1. Constructing \( \tilde{J}_k \)
A major challenge in value space approximation is constructing suitable approximate cost-to-go functions \( \tilde{J}_k \). This can be done in various ways:
Off-line Training
Constructing \( \tilde{J}_k \) using sophisticated training methods (e.g., Neural Networks) before the decision process begins.
On-line Rollout
Obtaining \( \tilde{J}_k(x_k) \) when needed by running a heuristic control scheme, called a base heuristic or base policy.
2. The Rollout Algorithm
High-Level Plan
Given a state \( x_k \) at time \( k \), the algorithm considers all tail subproblems starting at every possible next state \( x_{k+1} \), and solves them suboptimally by using a base heuristic.
Detailed Steps
- Generate Next States: At \( x_k \), consider all possible controls \( u_k \in U_k(x_k) \) and generate the corresponding next states \( x_{k+1} \).
- Run Base Heuristic: From each \( x_{k+1} \), simulate the system forward using the base heuristic to generate a sequence of states and controls up to the terminal stage \( N \): \[ x_{t+1} = f_t(x_t, u_t), \quad t = k, \dots, N - 1 \]
- Calculate Heuristic Cost: Accumulate the costs incurred during this simulation to get \( H_{k+1}(x_{k+1}) \): \[ H_{k+1}(x_{k+1}) = g_{k+1}(x_{k+1}, u_{k+1}) + \dots + g_{N-1}(x_{N-1}, u_{N-1}) + g_N(x_N) \]
- Minimization: Select the control \( u_k \) that minimizes the immediate cost plus the heuristic cost: \[ \tilde{u}_k = \arg\min_{u_k \in U_k(x_k)} \left[ g_k(x_k, u_k) + H_{k+1}(f_k(x_k, u_k)) \right] \]
3. Q-Factor Formulation
We can express the rollout algorithm more succinctly using approximate Q-factors.

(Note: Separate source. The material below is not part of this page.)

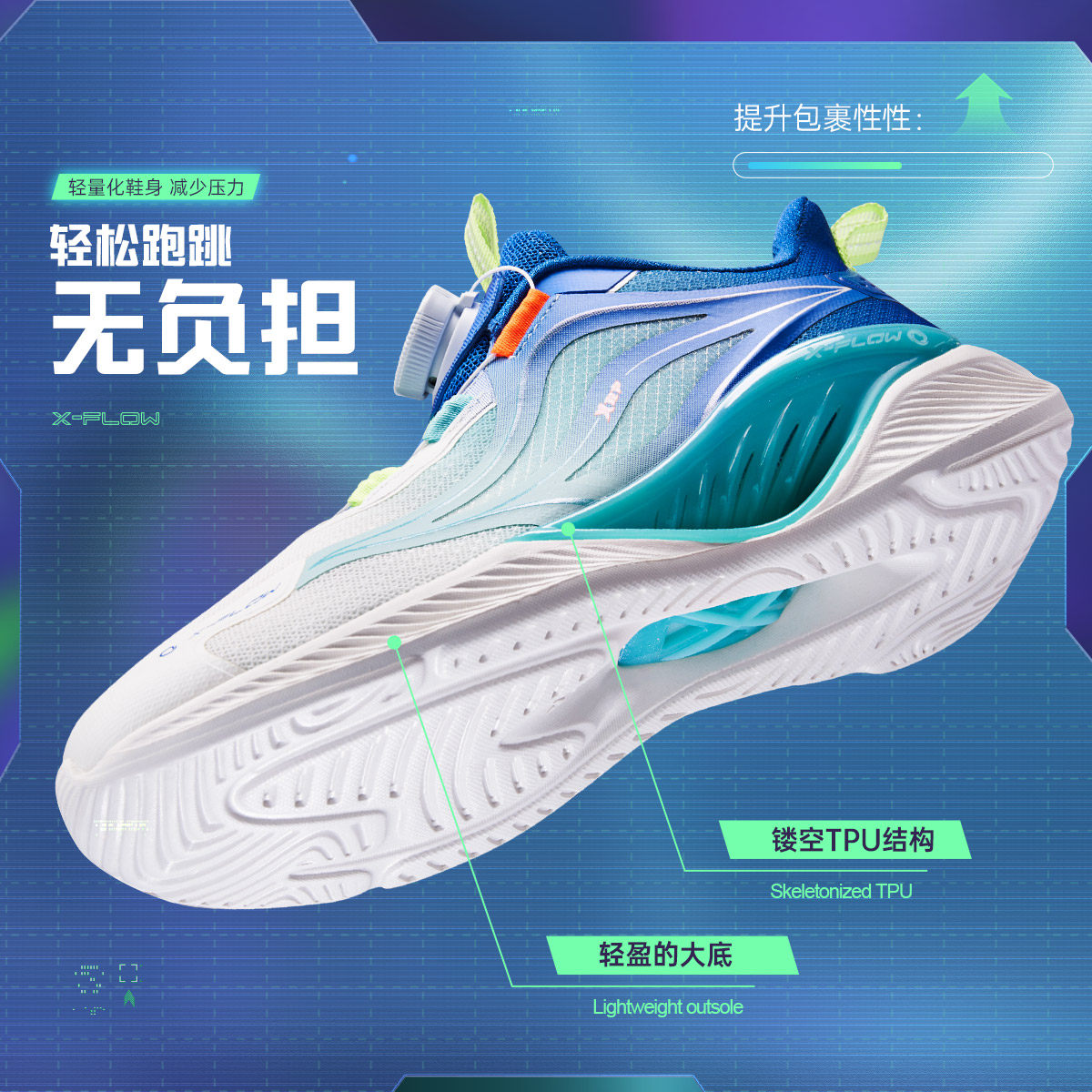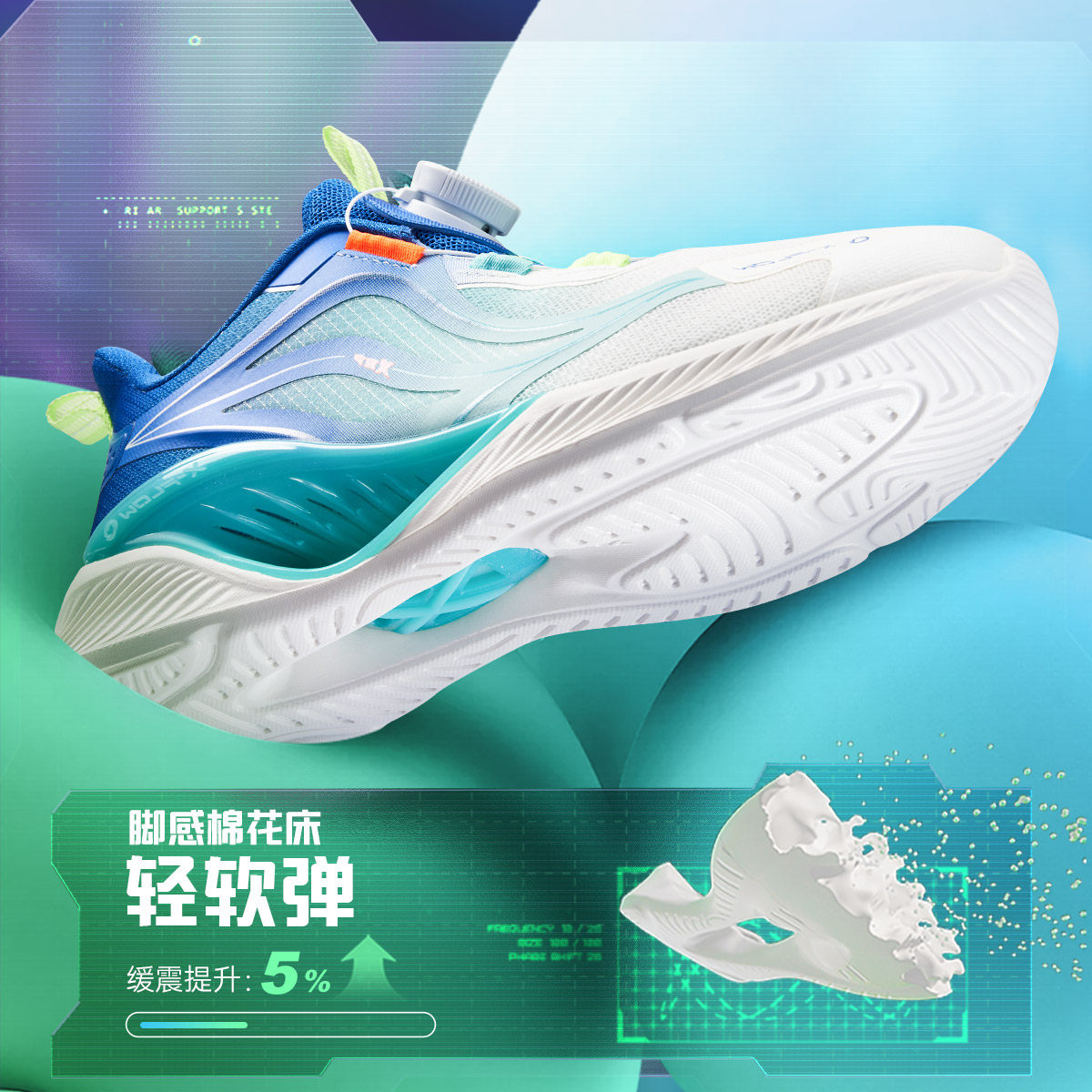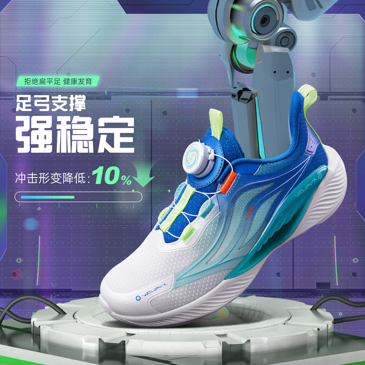 特步童鞋儿童运动鞋男童秋季网面透气旋转纽扣鞋中大童女跑步鞋子

The rollout algorithm applies the control \( \mu_k(x_k) \) given by:
\[ \mu_k(x_k) \in \arg \min_{u_k \in U_k(x_k)} \tilde{Q}_k(x_k, u_k) \]where the approximate Q-factor is defined as:
\[ \tilde{Q}_k(x_k, u_k) = g_k(x_k, u_k) + H_{k+1}(f_k(x_k, u_k)) \]4. Visual Illustration
Fig: The rollout process. For each possible control, we simulate the future using the base heuristic to estimate the "tail cost", then pick the best option.
5. Computational Complexity
How expensive is it?
- The algorithm runs the base heuristic at most \( N \times n \) times, where \( n \) is the max number of controls at each state.
- If \( n \) is small relative to \( N \), the cost is just a small multiple of \( N \) times the base heuristic cost.
- If \( n \) is polynomial in \( N \), the total ratio is also polynomial in \( N \).
Key Takeaway: Rollout is generally computationally feasible if the base heuristic is fast.